Start of Records for this exercise

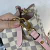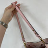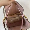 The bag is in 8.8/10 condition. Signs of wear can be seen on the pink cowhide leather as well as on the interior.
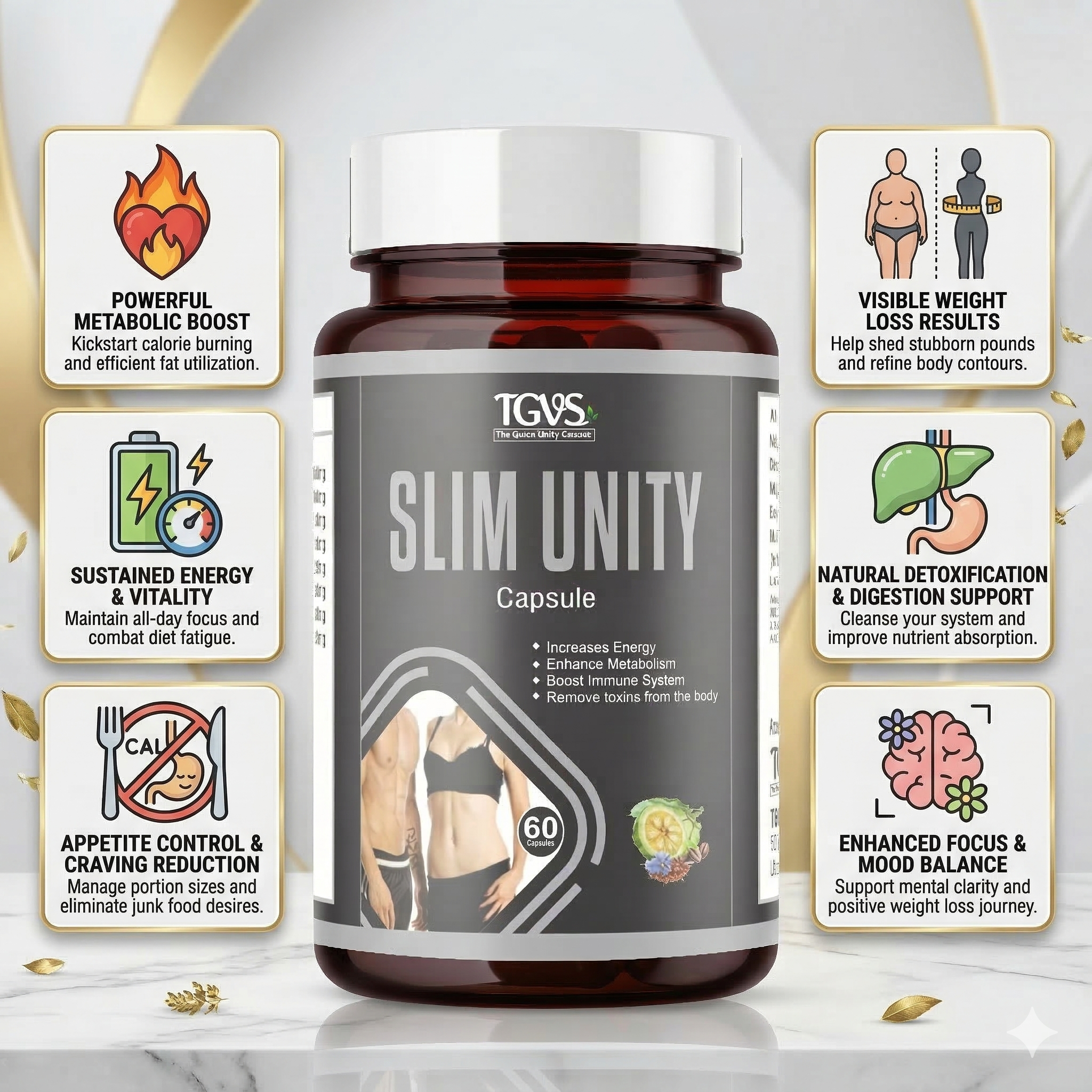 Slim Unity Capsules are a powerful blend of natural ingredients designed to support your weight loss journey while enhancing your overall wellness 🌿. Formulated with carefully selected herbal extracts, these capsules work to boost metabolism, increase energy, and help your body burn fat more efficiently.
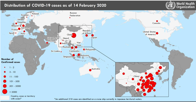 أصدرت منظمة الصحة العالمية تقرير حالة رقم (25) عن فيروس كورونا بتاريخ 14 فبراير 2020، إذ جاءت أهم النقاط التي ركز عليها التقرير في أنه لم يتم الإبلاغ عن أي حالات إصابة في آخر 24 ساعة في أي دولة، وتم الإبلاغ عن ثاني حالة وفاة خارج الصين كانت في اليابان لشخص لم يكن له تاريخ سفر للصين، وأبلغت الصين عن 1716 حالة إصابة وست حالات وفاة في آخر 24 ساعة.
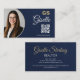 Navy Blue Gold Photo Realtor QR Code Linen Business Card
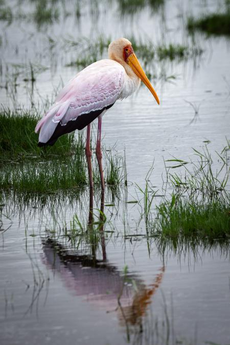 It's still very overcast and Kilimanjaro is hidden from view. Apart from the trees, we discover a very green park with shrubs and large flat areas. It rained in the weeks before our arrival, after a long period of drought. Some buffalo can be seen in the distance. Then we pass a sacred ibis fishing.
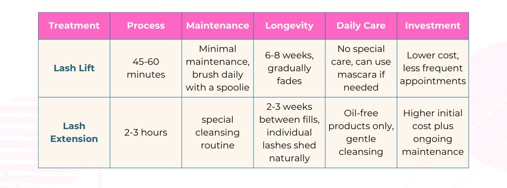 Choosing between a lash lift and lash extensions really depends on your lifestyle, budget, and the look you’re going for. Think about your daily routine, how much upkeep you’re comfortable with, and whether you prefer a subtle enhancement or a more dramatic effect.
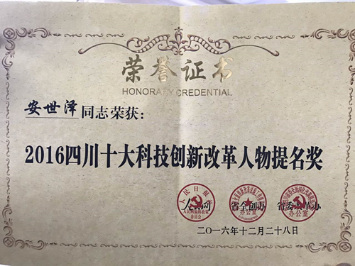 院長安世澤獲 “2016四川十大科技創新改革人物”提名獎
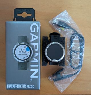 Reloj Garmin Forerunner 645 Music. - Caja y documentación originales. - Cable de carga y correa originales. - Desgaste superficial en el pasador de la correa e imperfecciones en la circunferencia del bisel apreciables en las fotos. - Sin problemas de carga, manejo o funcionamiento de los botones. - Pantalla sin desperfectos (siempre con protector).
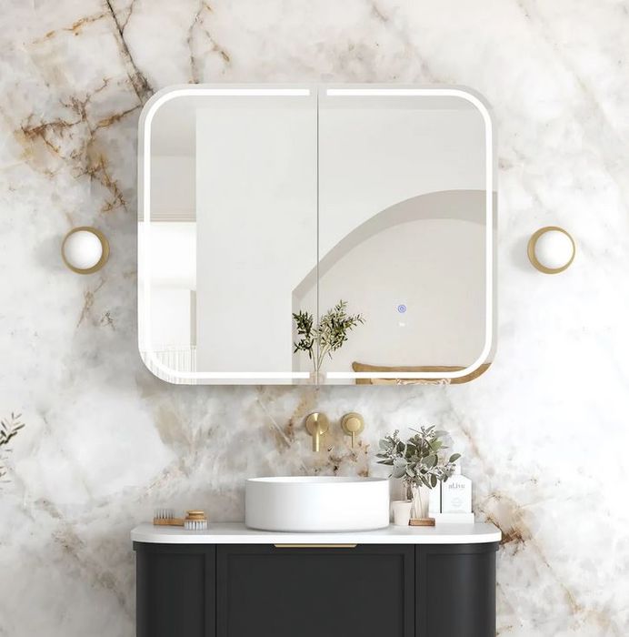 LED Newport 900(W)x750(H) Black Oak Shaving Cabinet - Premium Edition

End of Records for this exercise

> **Task**: Restate all of the material word for word. Keep out every picture.

> **Result below**:
 The bag is in 8.8/10 condition. Signs of wear can be seen on the pink cowhide leather as well as on the interior.
 Slim Unity Capsules are a powerful blend of natural ingredients designed to support your weight loss journey while enhancing your overall wellness 🌿. Formulated with carefully selected herbal extracts, these capsules work to boost metabolism, increase energy, and help your body burn fat more efficiently.
 أصدرت منظمة الصحة العالمية تقرير حالة رقم (25) عن فيروس كورونا بتاريخ 14 فبراير 2020، إذ جاءت أهم النقاط التي ركز عليها التقرير في أنه لم يتم الإبلاغ عن أي حالات إصابة في آخر 24 ساعة في أي دولة، وتم الإبلاغ عن ثاني حالة وفاة خارج الصين كانت في اليابان لشخص لم يكن له تاريخ سفر للصين، وأبلغت الصين عن 1716 حالة إصابة وست حالات وفاة في آخر 24 ساعة.
 Navy Blue Gold Photo Realtor QR Code Linen Business Card
 It's still very overcast and Kilimanjaro is hidden from view. Apart from the trees, we discover a very green park with shrubs and large flat areas. It rained in the weeks before our arrival, after a long period of drought. Some buffalo can be seen in the distance. Then we pass a sacred ibis fishing.
 Choosing between a lash lift and lash extensions really depends on your lifestyle, budget, and the look you’re going for. Think about your daily routine, how much upkeep you’re comfortable with, and whether you prefer a subtle enhancement or a more dramatic effect.
 院長安世澤獲 “2016四川十大科技創新改革人物”提名獎
 Reloj Garmin Forerunner 645 Music. - Caja y documentación originales. - Cable de carga y correa originales. - Desgaste superficial en el pasador de la correa e imperfecciones en la circunferencia del bisel apreciables en las fotos. - Sin problemas de carga, manejo o funcionamiento de los botones. - Pantalla sin desperfectos (siempre con protector).
 LED Newport 900(W)x750(H) Black Oak Shaving Cabinet - Premium Edition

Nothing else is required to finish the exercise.